Additional Information of DeepDetect

Saurabh Kumar

November 12, 2021

1 Dataset Used

This work uses multiple dataset (see Table 1) for the evaluation of DeepDetect. Details of these dataset are as follows:

Table 1:Number of malware and benign samples collected from different sources, where double hyphen (--) denotes that samples are not available.





Data/Source Year Malware Benign Description and Usage





AMD[5] till 2016 24, 553 -- 80% randomly selected samples are used for training final model,



VirusShare[6] Apr. 2018 20, 979 -- feature engineering and as known samples and remaining 20% is unseen



Play Store Apr. 2018 -- 56, 346 samples which is also used in feature comparison.





Androzoo-2019
2019
5380
5380
Downloaded from Androzoo project for the year 2019 and used as new
App for the evaluation.





Obfuscated
2019
4993
--
Obtained by obfuscating malware of Androzoo-2019 using Obfusapktool,
which is categorized in six category.





Space & time
2016 5110 45988 We have downloaded 87,634 unique samples from Androzoo project



2017 1424 12624 spaning for 4 years.

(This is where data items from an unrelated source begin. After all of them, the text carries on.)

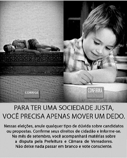Metodologia e Conteúdos Básicos de Língua Portuguesa Como bem sabemos, uma determinada função da linguagem é identificada em função do foco no qual um determinado texto se concentra. O texto pode apresentar um foco no autor, na mensagem, no código, no leitor, no contexto e/ou no canal. Com base na imagem e no exposto, classifique V para as sentenças verdadeiras e F para as falsas: ( ) A função da linguagem predominante nesse texto é a metalinguística porque há um evidente esforço em explicar o que é uma sociedade justa. ( ) A função da linguagem predominante é a emotiva porque que o foco está no autor. ( ) A função predominante é a referencial, pois as informações possuem um teor argumentativo forte e partem de fontes confiáveis para serem usadas no anúncio. ( ) A função predominante é a conativa porque o foco do anúncio é o leitor que precisa assumir uma consciência social. Assinale a alternativa que apresenta a sequência CORRETA: A F - F - F - V. B F - V - V - V. C V - F - V - V. D V - V - F - F.
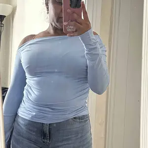This top is so cute and fits perfectly you can wear it on either shoulder there is no tag so itâs just up to preference!
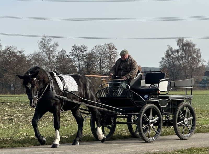 Very friendly and exceptionally gentle gelding who has already been driven in a pair harness. He has also been ridden in the terrain, is familiar with open stable management and herd keeping, and gets along wonderfully well with others.

We use samples from 2016 for training and rest for



2018 1182 10444 the evaluation of DeepDetect quarter wise by removing potential biases



2019 1105 9757 by including only ~10% malware samples for each quarter of every year.





Firstly, We use a class balanced dataset that consists of 96,748 Apps. The dataset has 40,402 unique malware distributed across more than 70 different classes of malware. These distributed set of malware helps the classifier to learn more about different variants to identify unseen malicious Apps. In the dataset, the malware samples are collected from AMD[5] and VirusShare[6]. For benign Apps, we have crawled through the Play Store and gathered 65,806 samples. These samples were passed to VirusTotal[7] to make sure they are benign. The Apps that are identified as malicious by even one antivirus engine on VirusTotal are discarded to create the benign dataset resulting in 56,346 benign samples. AMD dataset contains malware collected between the years 2012 to 2016, whereas the malware from VirusShare and benign Apps from Play Store were collected in April 2018. This dataset is widely used in our work such as training the model, feature engineering and testing. We randomly separated the 80% dataset which we use for training a model and feature enginnering part. These 80% samples are also used for evaluating a model in the case of known samples. The reaming 20% samples (Evaluation set) are being used to evaluate the efficacy of different features and our model against the unseen samples. An unseen App referes to the sample that is not the part of the training samples but may belongs to the same period as of training sample or even prior to that

Secondly, we have collected 10760 unique samples from AndroZoo project (referred to as Androzoo-2019) that contains 5380 malware samples and rest are benign which belongs to the year 2019 only. We use these samples to evaluate the efficacy of DeepDetect against the new sample. New samples are those samples whose Dex date period is always after the Dex date period of training samples.

Thirdly, we have collected five samples of Pegasus malware from the CloudSek organization to check the ability of DeepDetect to identify the Pegasus malware. Only these five unique samples are available, hence we have used the same for evaluation.

Additionally, we have created a dataset of obfuscated malware samples by obfuscating the malware sample of Androzoo-2019. We use Obfusapk tool to create this dataset and successfully generated 4993 uniques obfuscated samples which false in six category.

Lastly, we have also collected 87,634 unique samples spanning for four years (2016 t0 2019) In this dataset, we have collected ~10% malware sample for each quarter of every year and remaining 90% as benign sample. These samples are being used to evaluate DeepDetect by removing potential biases across time and space. From these samples, we use samples from 2016 to training a model and rest for the quarter wise evaluation.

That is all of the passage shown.